Induru Vikranth, Deffendall Catherine, Theobald Ceceila, Green Jennifer, Ridinger Heather
Lewis Katz School of Medicine at Temple University, USA.
Department of Rheumatology, Vanderbilt University Medical Center, USA.
Int J Med Educ. 2025 Jan 22;16:1-10. doi: 10.5116/ijme.676f.d093.
We aimed to determine if shared decision-making (SDM) self-assessment of a standardized patient (SP) scenario was reliable, specifically whether students' communication resulted in each SP-student pair reporting internally consistent final treatment choices. We hypothesized student self-assessment would differ from SP and faculty assessment indicating a need for multisource feedback.
In this observational case study from 2016-2017, all third-year post-clerkship medical students received evidence-based treatment options for sinusitis and SDM lectures followed by a SP encounter on sinusitis. Students, faculty, and SPs then completed a 9-question assessment covering SDM skills, perceived empathy, and final treatment choice. Mean self-assessment was compared to faculty and SP scores using paired t-test. Effectiveness of SDM communication was assessed as rate of treatment agreement, defined as percent of student-SP pairs reporting consistent final treatment choices.
Compared to SPs (M = 23.4, SD = 3.6), 120 students (M = 22.6, SD = 3.1) reported lower mean SDM skills, t = 2.25, p = .027. Conversely, SPs (M = 8.0, SD = 1.5) compared to students (M = 8.5, SD = 1.1) reported lower mean empathy, t = 3.43, p < .001. Faculty ratings of students' SDM (M = 22.7, SD = 3.5) and empathy (M = 8.3, SD = 1.7) was not statistically different than students' ratings, t = 0.46, p = .645 and t = 1.40, p = .164 respectively. Seventeen (14%) student-SP pairs reported different final treatment choices.
We demonstrated the limitations of self-perception of SDM and empathy skills, highlighting the importance of multisource feedback for assessing trainee communication skills. Disagreement between student-SP pairs on perceived final treatment choice underscores the need for ongoing SDM practice.

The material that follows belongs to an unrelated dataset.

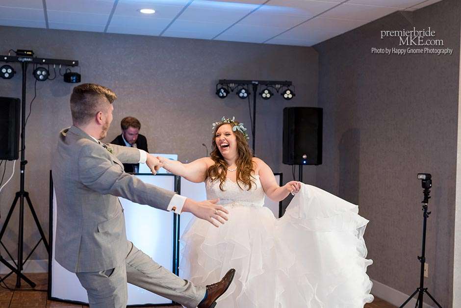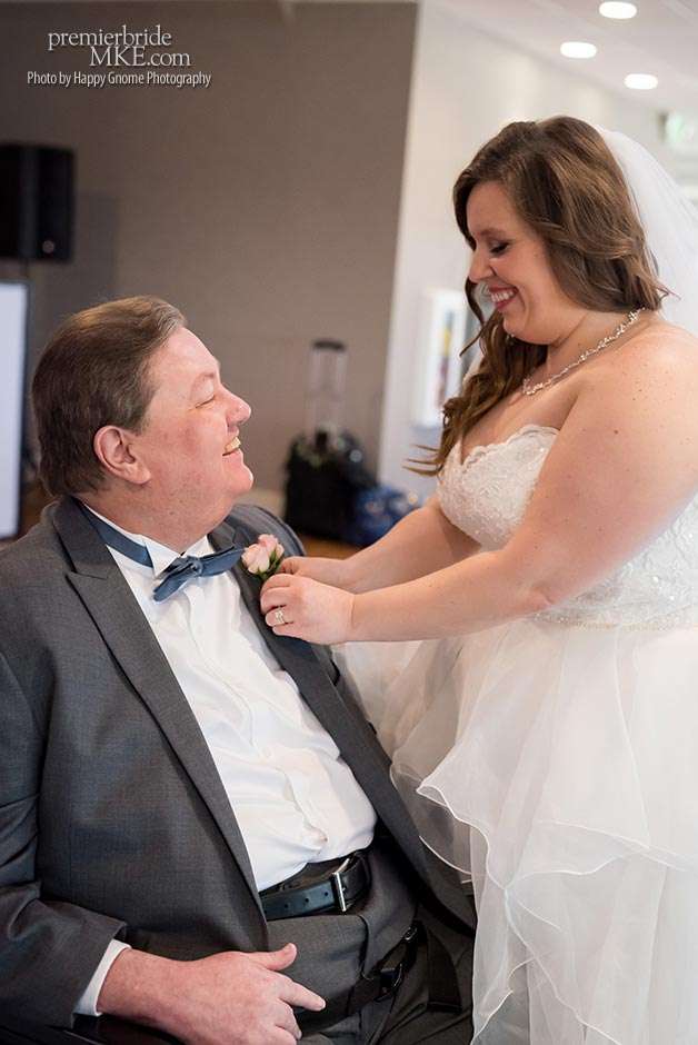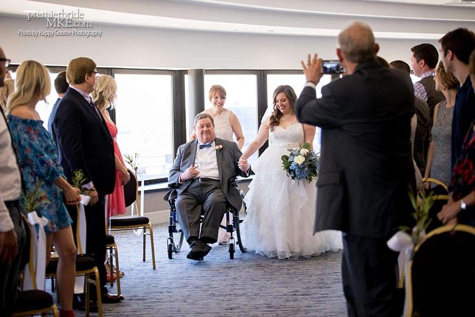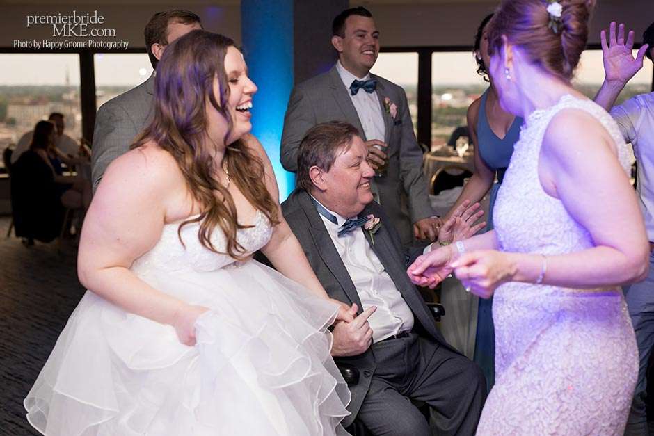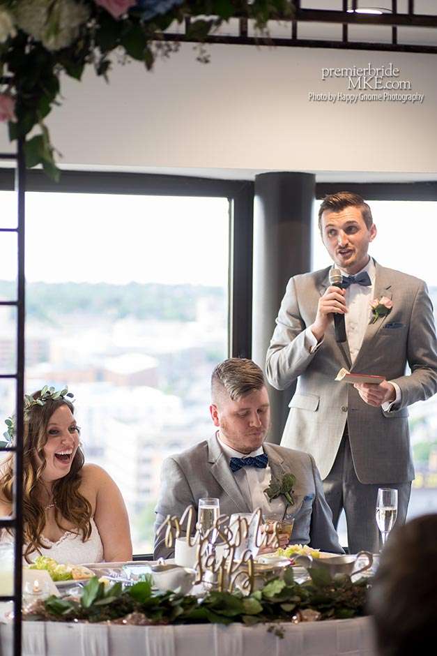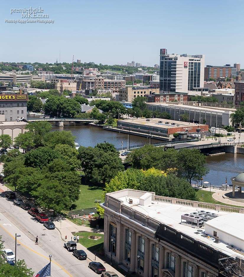 The location allowed Jordan and Amanda to take all of their photos right in downtown Milwaukee, too. “There was beautiful and iconic Milwaukee scenery all around us, so we didn’t have to rent transportation to take photos. Everything was within walking distance. The time saved meant we got to enjoy our entire cocktail hour! It was really important to us that we got to participate in our full wedding day, along with all of our guests.”

我们旨在确定标准化病人(SP)情景下的共同决策(SDM)自我评估是否可靠,特别是学生的沟通是否导致每个SP-学生对报告内部一致的最终治疗选择。我们假设学生自我评估将与SP和教师评估不同,这表明需要多源反馈。
在这项2016 - 2017年的观察性案例研究中,所有三年级临床实习后的医学生都接受了鼻窦炎的循证治疗方案和SDM讲座,随后与标准化病人进行了一次鼻窦炎方面的接触。然后,学生、教师和标准化病人完成了一项包含9个问题的评估,内容涵盖SDM技能、感知到的同理心以及最终治疗选择。使用配对t检验将平均自我评估与教师和标准化病人的分数进行比较。将SDM沟通的有效性评估为治疗一致性率,定义为报告一致最终治疗选择的学生 - 标准化病人对的百分比。
与标准化病人(M = 23.4,标准差 = 3.6)相比,120名学生(M = 22.6,标准差 = 3.1)报告的平均SDM技能较低,t = 2.25,p = 0.027。相反,与学生(M = 8.5,标准差 = 1.1)相比,标准化病人(M = 8.0,标准差 = 1.5)报告的平均同理心较低,t = 3.43,p < 0.001。教师对学生SDM(M = 22.7,标准差 = 3.5)和同理心(M = 8.3,标准差 = 1.7)的评分与学生的评分在统计学上没有差异,分别为t = 0.46,p = 0.645和t = 1.40,p = 0.164。17对(14%)学生 - 标准化病人对报告了不同的最终治疗选择。
我们证明了SDM和同理心技能自我认知的局限性,强调了多源反馈对评估实习医生沟通技能的重要性。学生 - 标准化病人对在感知到的最终治疗选择上的分歧凸显了持续进行SDM实践的必要性。